Un film réalisé par des ours, supplément nanar et cocaïne !

Cocaïne Bear est très certainement l’une des sorties les plus étonnantes et loufoques de ce début d’année 2023. Réalisé par Elizabeth Banks, comédienne avant-tout mais également réalisatrice à de rares occasions, on lui doit notamment la suite - passable mais correcte - de Pitch Perfect (Jason Moore, 2013), à savoir Pitch Perfect 2 (2015) ou encore sa participation au nauséabond My movie project (2013). La réalisatrice s’est enfin illustrée dans l’infâme reboot de Charlie et ses drôles de dames (2019). Des faits d'armes peu reluisants où le moyen côtoie le pathétique... mais qu’en est-il de cette dernière réalisation ?

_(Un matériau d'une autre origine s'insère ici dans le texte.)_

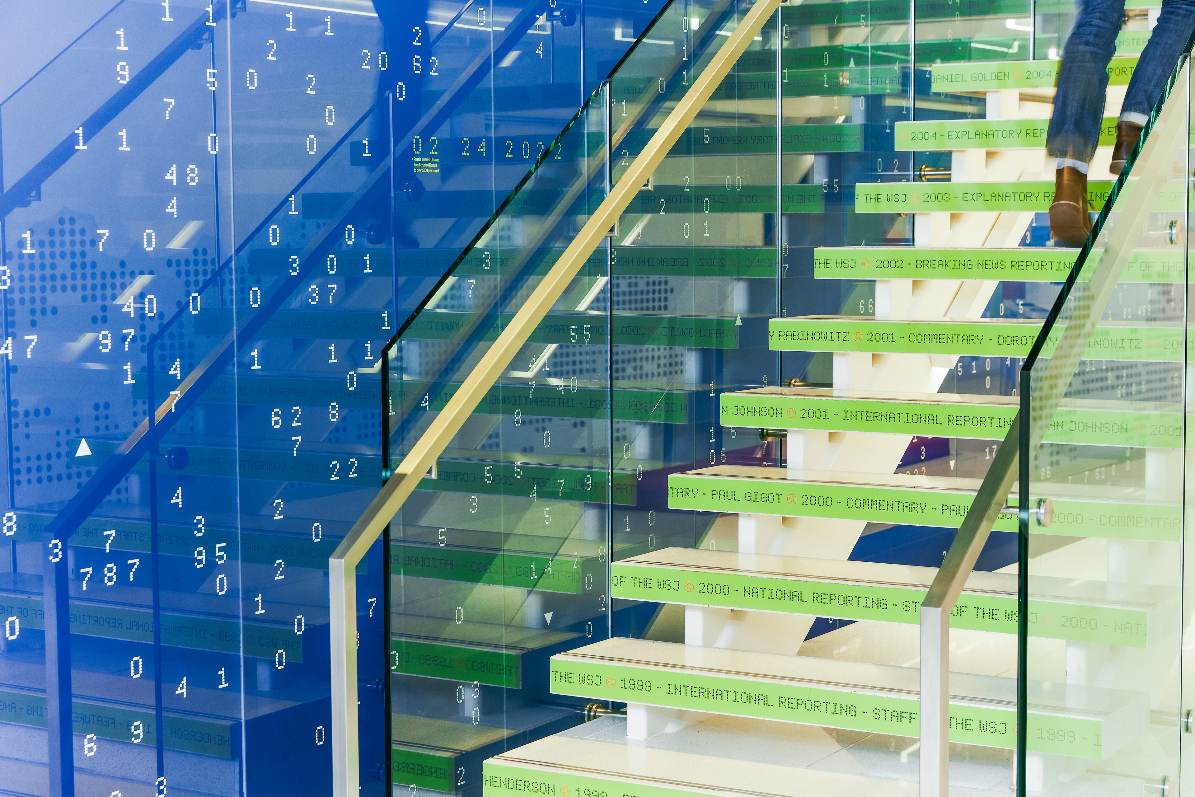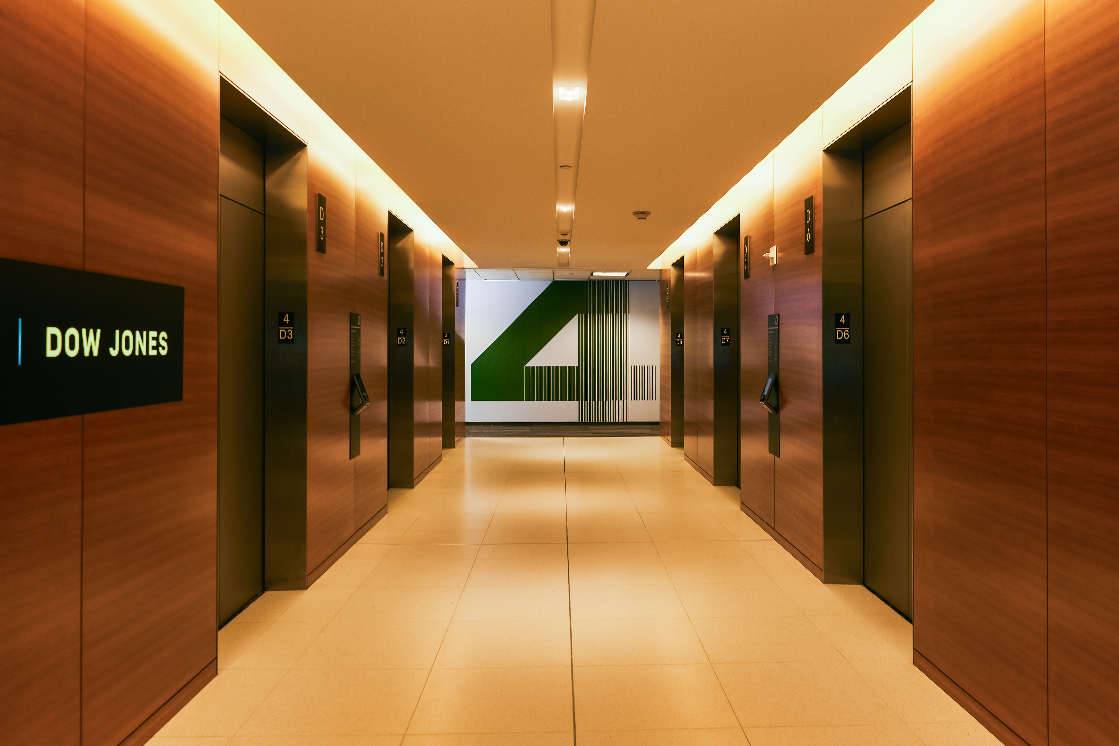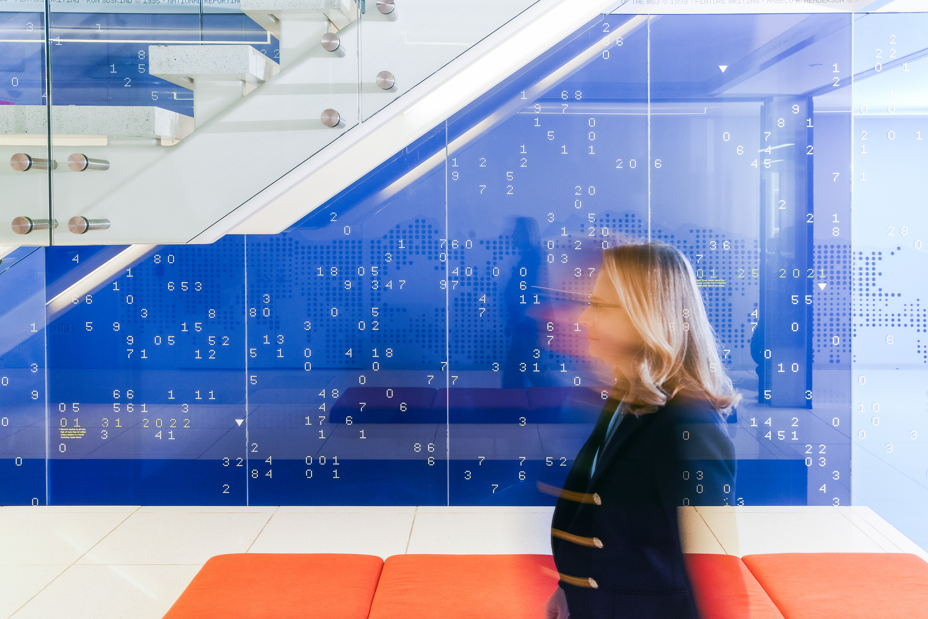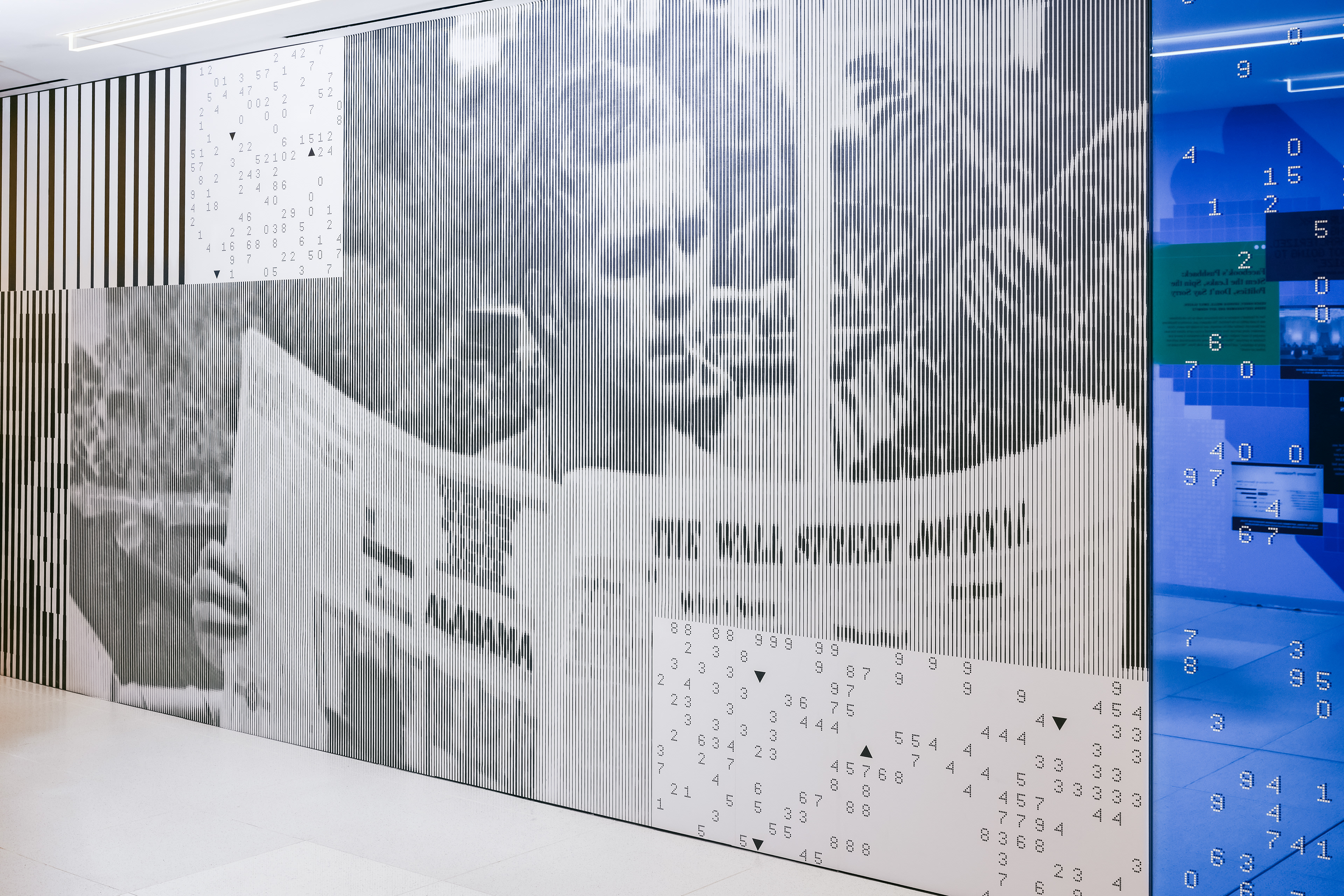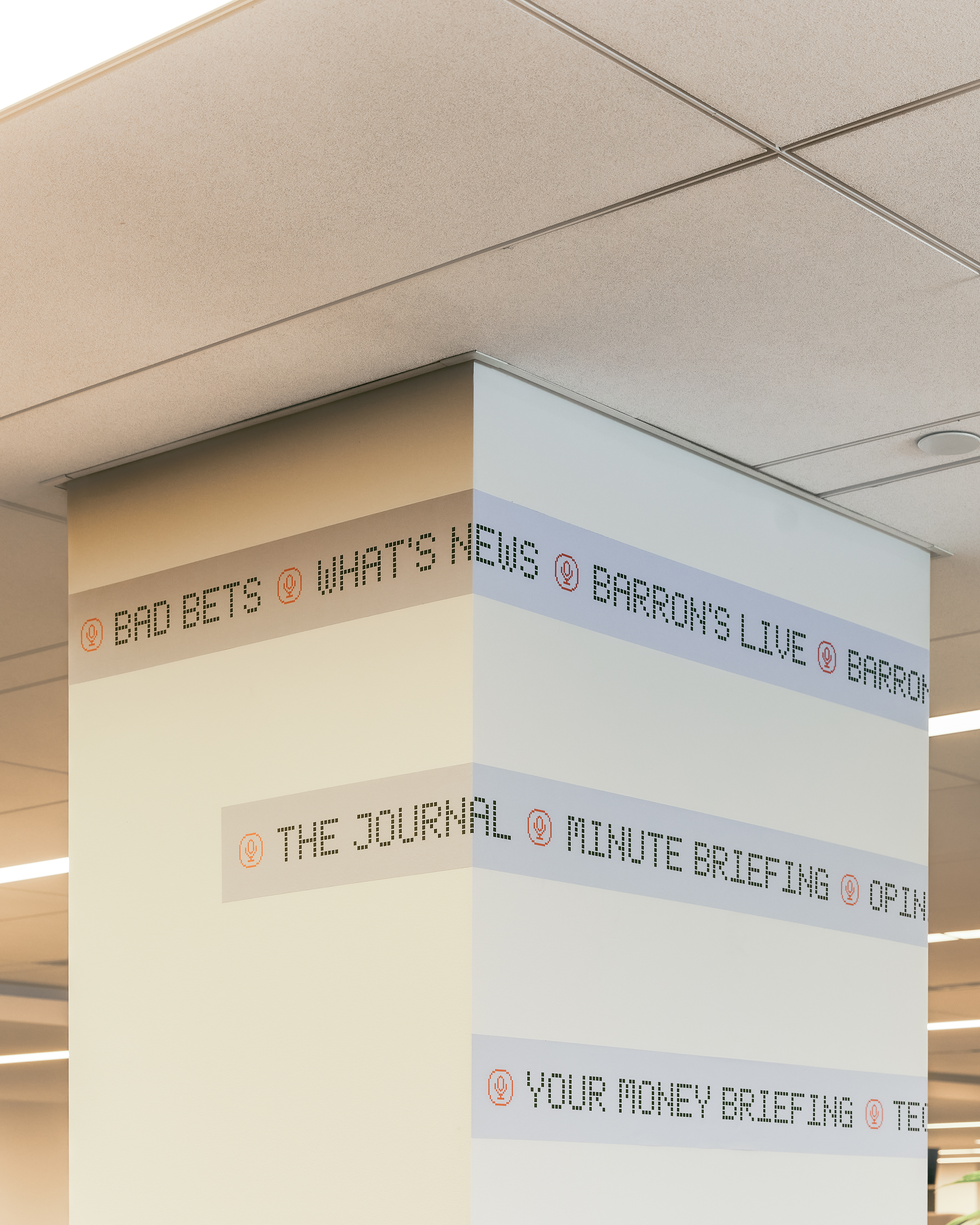 Dow Jones and The Wall Street Journal needed an updated office space that reflected their brand’s evolution and future. Collaborating with their team, we transformed journalism into immersive visual experiences, merging market data with storytelling. Dynamic installations showcased groundbreaking reporting, using code to generate imagery from market indicators—graphs, ticker tape, currency symbols, and numerical data—translating finance’s abstract language into compelling visuals. These design-forward elements invited engagement, reinforcing the connection between market movements and world events while uniting the marketing team’s work with the broader organization.
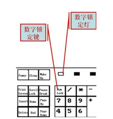 5.Num Lock叫数字锁定键,按一下,右侧第一个灯亮起来,这时数字键盘上的功能为数字功能,可以打数字。再按一下,灯灭了,这时变成控制区的功能,每个数字键上会印有对应控制区的英文说明。

Soyons honnêtes, le pitch du film - inspiré par un fait divers - a tout pour faire rêver : une cargaison de cocaïne perdue au beau milieu de la forêt géorgienne (U.S.A) est dévorée (en partie) par une ourse qui finira par décéder d’une overdose. Le film se targue bien de son appellation « inspiré de faits réels » et le terme « inspiré » n’a jamais trouvé autant de sens que dans Cocaïne Bear. En effet, si le long-métrage possède toutes les clefs afin de nous livrer une comédie horrifique et loufoque digne de ce nom, dans les faits … Nous en sommes loin.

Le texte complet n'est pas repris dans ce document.